You are not invoking 10 million system calls, just 10 million library routines.
Ok, that means rand() function do not make a system call each time invoked, isn´t it?
Now, rand() as well as random() are thread-safe routines, so they need to use a lock to protect the seed (unlike say random_r ()). On i?86, glibc inlines the lock code: 14: b9 01 00 00 00 mov $0x1,%ecx 19: 65 83 3d 0c 00 00 00 cmpl $0x0,%gs:0xc 20: 00 21: 74 01 je 24 <__random+0x24> 23: f0 0f b1 8b XX XX XX lock cmpxchg %ecx,0xXXXXXXXX(%ebx) 2a: XX 2b: 0f 85 8f 01 00 00 jne 1c0 <_L_mutex_lock_13> and similarly for unlock. %gs:0xc ought to be non-zero only when the first pthread_call in the program has been made. On PIV, atomic instructions are horribly expensive. Either you have preloaded some library that called pthread_create, or your CPU is unable to do the jump around lock prefix trick quickly.

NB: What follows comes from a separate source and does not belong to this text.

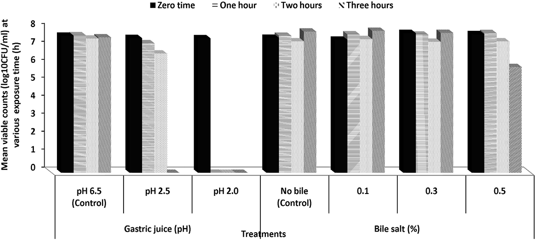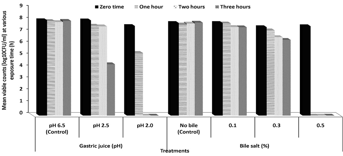 Survival capacities of Pediococcus acidilactici S7 to pHs of gastric juice and increment concentrations of bile salts (%) at 37 ºC

This is out of my scope (assembler, threads, atomic instructions ...) but I try to follow your explanation.
I certainly don't see your testcase being slow on my AMD64, neither for 64-bit nor 32-bit program.

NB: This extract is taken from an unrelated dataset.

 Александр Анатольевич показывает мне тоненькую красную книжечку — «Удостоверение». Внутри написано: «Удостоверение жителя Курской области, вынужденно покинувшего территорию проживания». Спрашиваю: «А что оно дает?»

Ok. The same for many other systems. Mine seems to be an odd exception.
First of all, try benchmarking random_r, then see under debugger if %gs:0xc is 0 or not.
Jakub, I would like to do it but I don´t know how. I have tried to implement a code to test random_r() function unsuccesfully: start = clock(); for(i=0; i<numero_ciclos; i++) { r = random_r(); } end = clock(); printf("%d M de random_r() en %.3f sec (example.: %d)\n", numero_ciclosM, (double)(end - start)/CLOCKS_PER_SEC, r); Can´t compile it. Gcc says me "too few arguments for function random_r()". I don´t know which variable to put inside random_r. Can you help me? Thanks!